Benjamin Flounders (17 June 1768 – 19 April 1846) was a prominent English Quaker with business interests in key new industries and developments at the time of the Mid-Industrial Revolution, such as The (of which he was a founding Director) and new canals in his native North-East England; he operated his own family businesses very successfully with large interests in timber for shipbuilding (at the time of the War with France), also owning two linen mills and large estates in places as diverse as Egham, Surrey and Glasgow. He was it seems, for all of his life, a hard working, astute and forward thinking man of independent means. He was born at Crathorne in 1768, and educated at Ackworth School, Leeds.
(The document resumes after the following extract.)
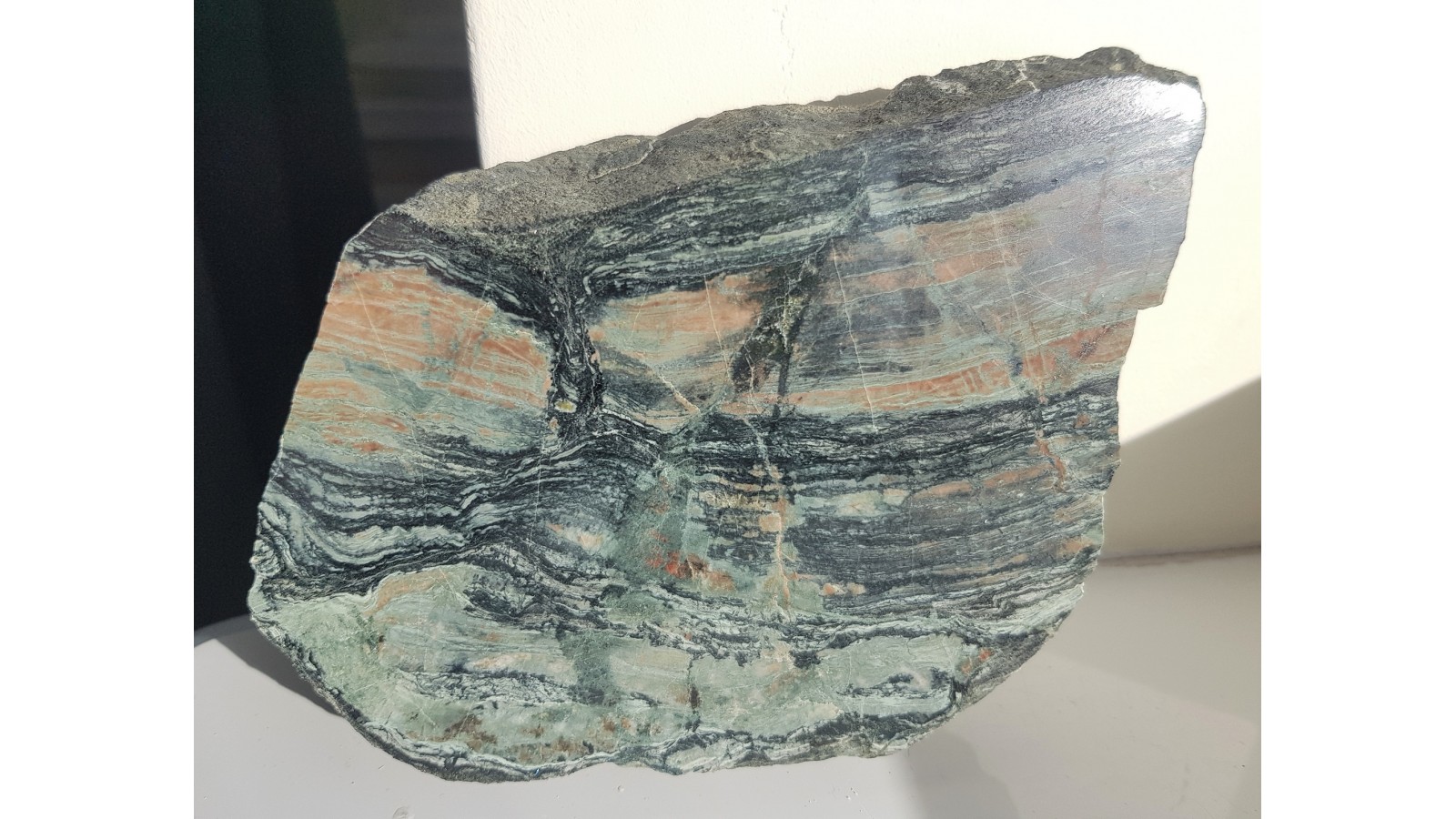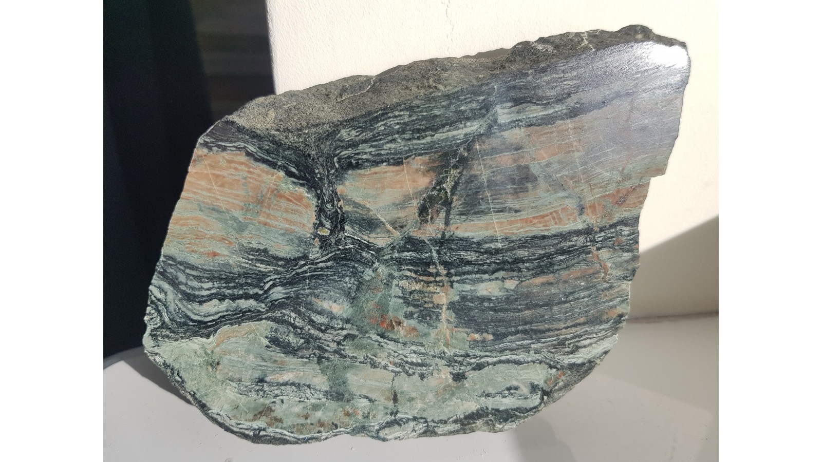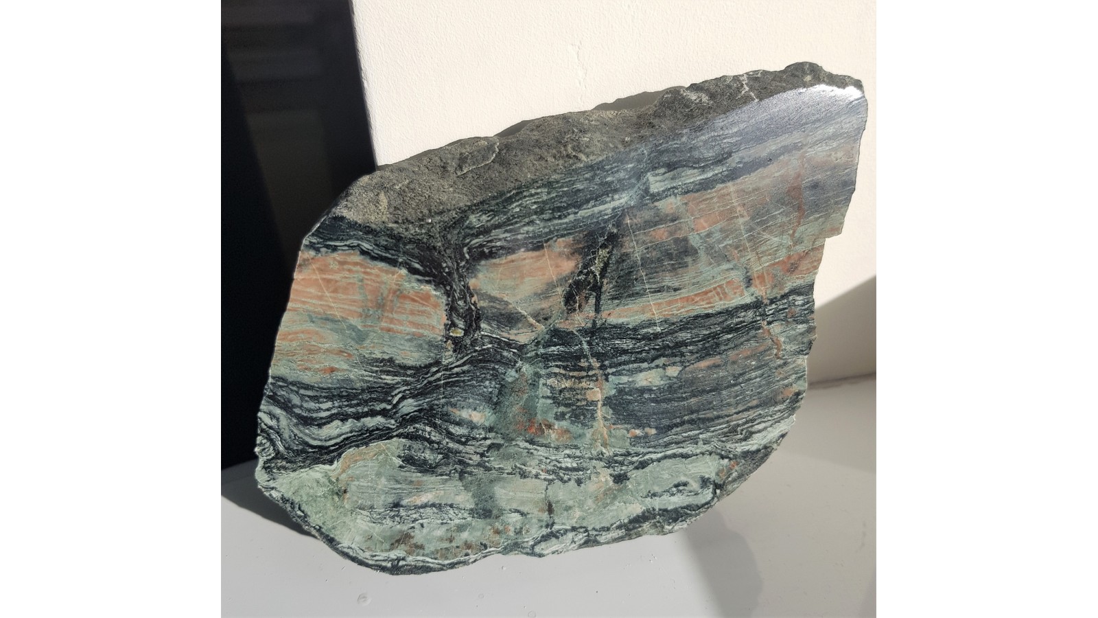 Wyjątkowa, z uwagi na deseń wynikający z budinażu oraz zestawienie barw, skała wapniowo-krzemianowa z dawnej kopalni Vulcan w Kowarach. Duży, polerowany okaz. Piękny poler, strona przeciwa naturalna, nie cięta, wspaniały okaz do kolekcji petrologicznej.

His best-known achievement, ironically, was the building of a folly tower, the eponymous Flounder's Folly in South Shropshire near Craven Arms and prominent on the skyline on Callow Hill, the highest point of famous Wenlock Edge. The folly commands extensive views over the surrounding Stretton Hills, Wenlock Edge, the Long Mynd and Clee Hills and even further afield to the Brecon Beacons, Radnor Hills, Malvern Hills and Black Mountains, Wales. The folly was built to celebrate his attaining 70 years, his threescore years and ten, to commemorate his lifelong endeavours and a life well spent and to celebrate the forthcoming marriage of his daughter Mary and the coming of age of his neighbour and associate in Shropshire, Lord Clive.
Flounder's life was touched by tragedy with the loss of his first wife Mary Walker (daughter of a Quaker shipbuilder) while giving birth to a premature baby in 1801. They had only married two years previously. Benjamin was 34.